#  458  08/04/08  The lessons need to come early.

Last week, I wrote about what is expected of an entering kindergartener.  If a parent read that article and discovered that there were things her child needed to learn, she may be pressed for time.

That is the reason that I regularly address the importance of planning ahead for parenting.  Parenting works much better if it is done as preparation rather than as remediation.

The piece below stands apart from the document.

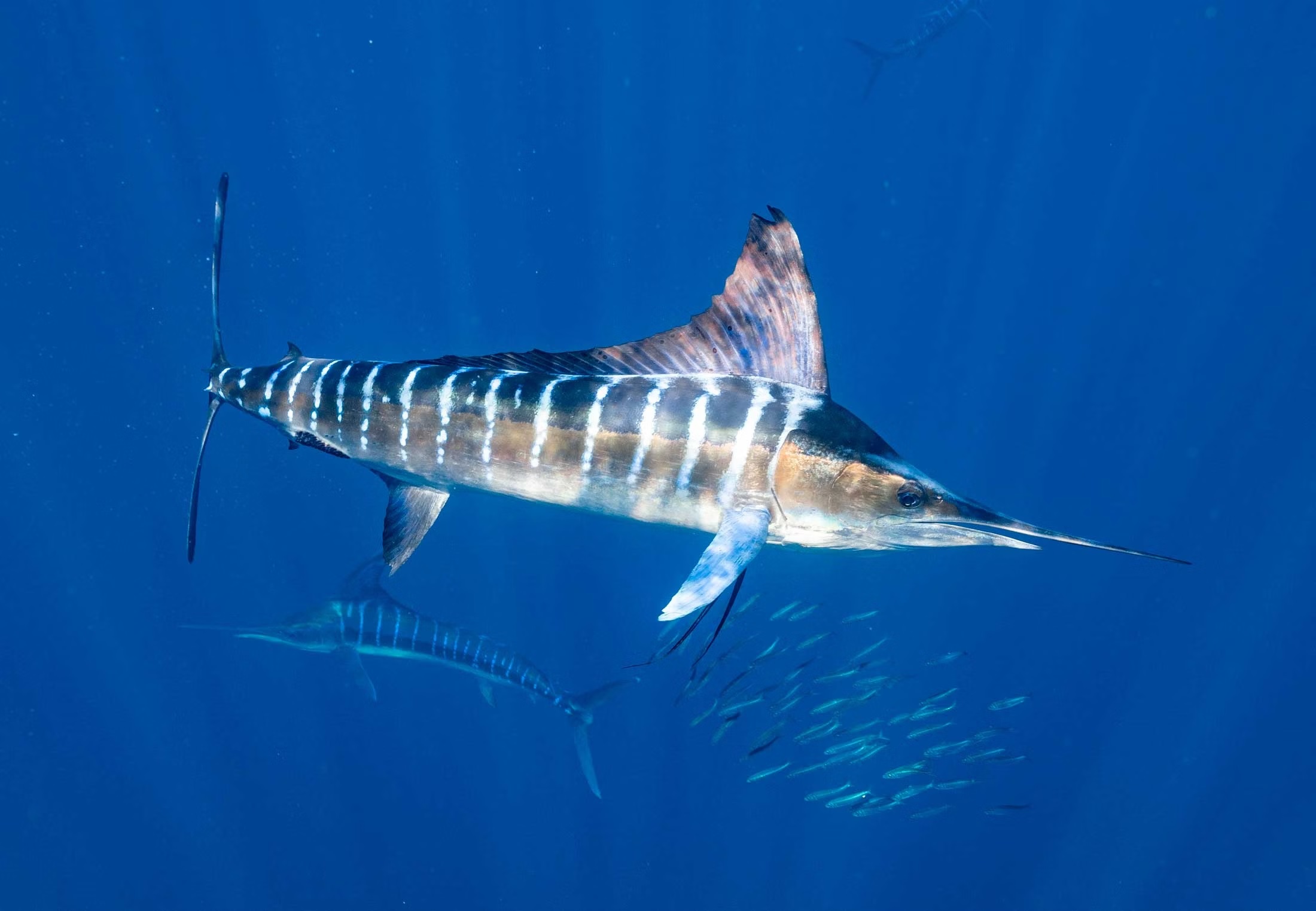 Полосатый марлин, Полосатый копьеносец, Индо-тихоокеанский полосатый марлин, Индо-тихоокеанский полосатый копьеносец, Каджикия аудакс, Кадзикия аудакс, Тетраптурус аудакс (Rus), Striped marlin, Barred marlin, High-finned spearfish, Indo-Pacific striped marlin, Pacific striped marlin, New Zealand marlin, Beakie, Beak, Stripey, Striped swordfish, Nairagi, Makajiki (Eng). |

This column is titled, “Train up a child…” based on Proverbs 22:6:  “Train up a child in the way he should go, and when he is old he will not turn from it.”  I chose that verse because I know the importance of proper training.  And because training is more than just telling, it takes time.      
Here is a good rule of thumb:  Find out at what age your child will be faced with an issue.  Subtract three or four years.  That is the very latest you should begin training.  The problem is that most parents do not have a realistic concept of when their children will be faced with an issue.
I am a member of a women’s service club, Soroptimist International of Plainview.  One of the services that we do in our community is to mentor a group of fifth grade girls.  Thanks to television and to peers, these girls think they are very knowledgeable about boys and sex.  (You would be surprised what you overhear if you hang around young people.)  If fifth grade is the first year boys and sex have been the topics of their conversations, their parents should have begun training them for boy-girl relationships as they entered first grade.  Chances are the girls have discussed this topic even before fifth grade. 

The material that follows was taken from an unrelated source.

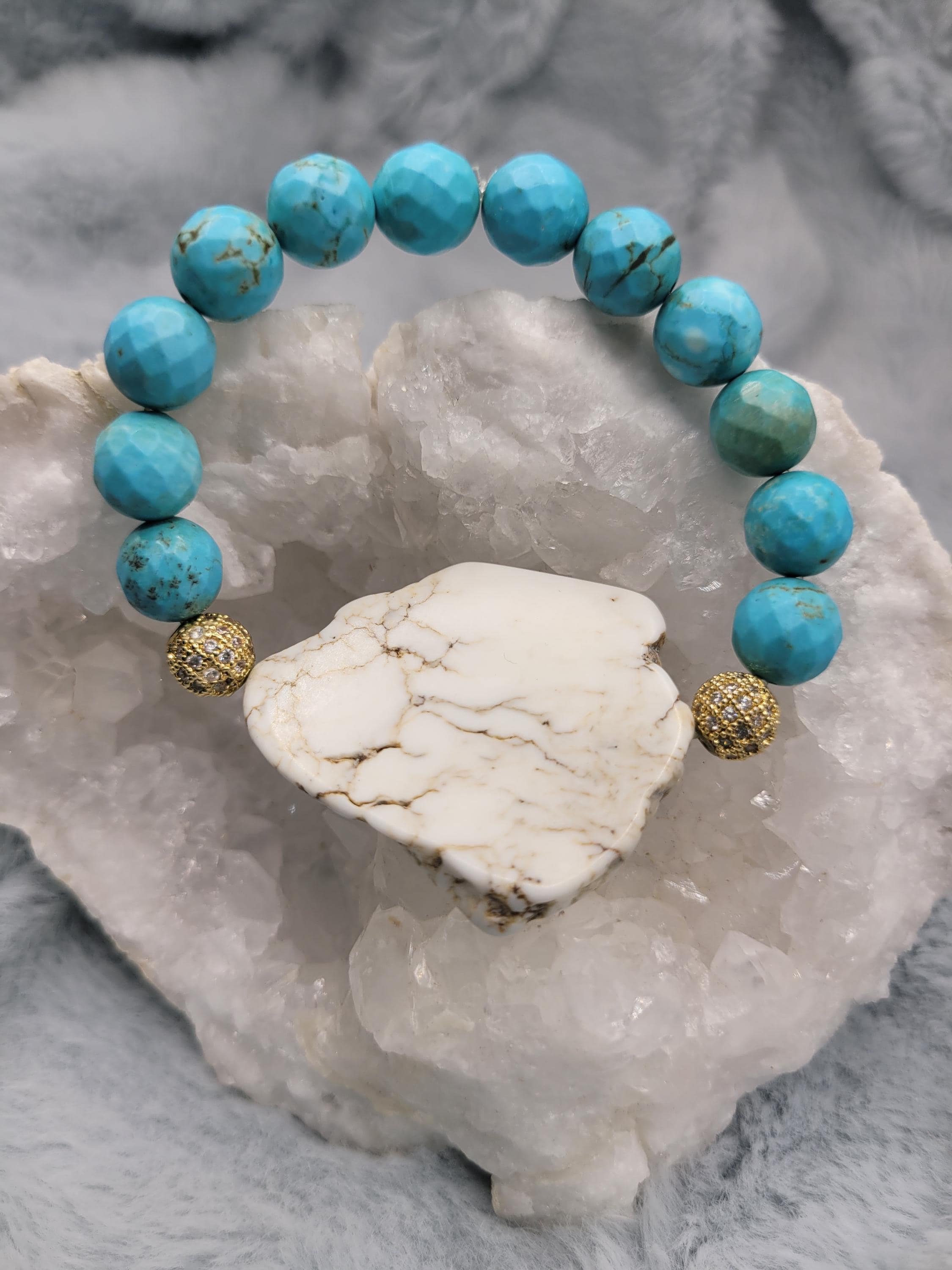Energetically EMPOWERING bracelet designed with natural 10 mm faceted turquoise and gold paved with cubic zirconia beads complimenting howlite slab focal bead.

Just remember, we want our children to hear from us before they hear from others.

There are other examples.  If we want our children to handle money well in high school and college, we should give them knowledge and practice in late elementary school.  If we want them to keep their rooms neat, we should teach them to pick up their toys when they are toddlers.  If we want them to have manners and respect for elders, they should be saying “Please” and “Thank you” when they are eighteen months old.  They can open doors for their grandmother when they can reach the door handle.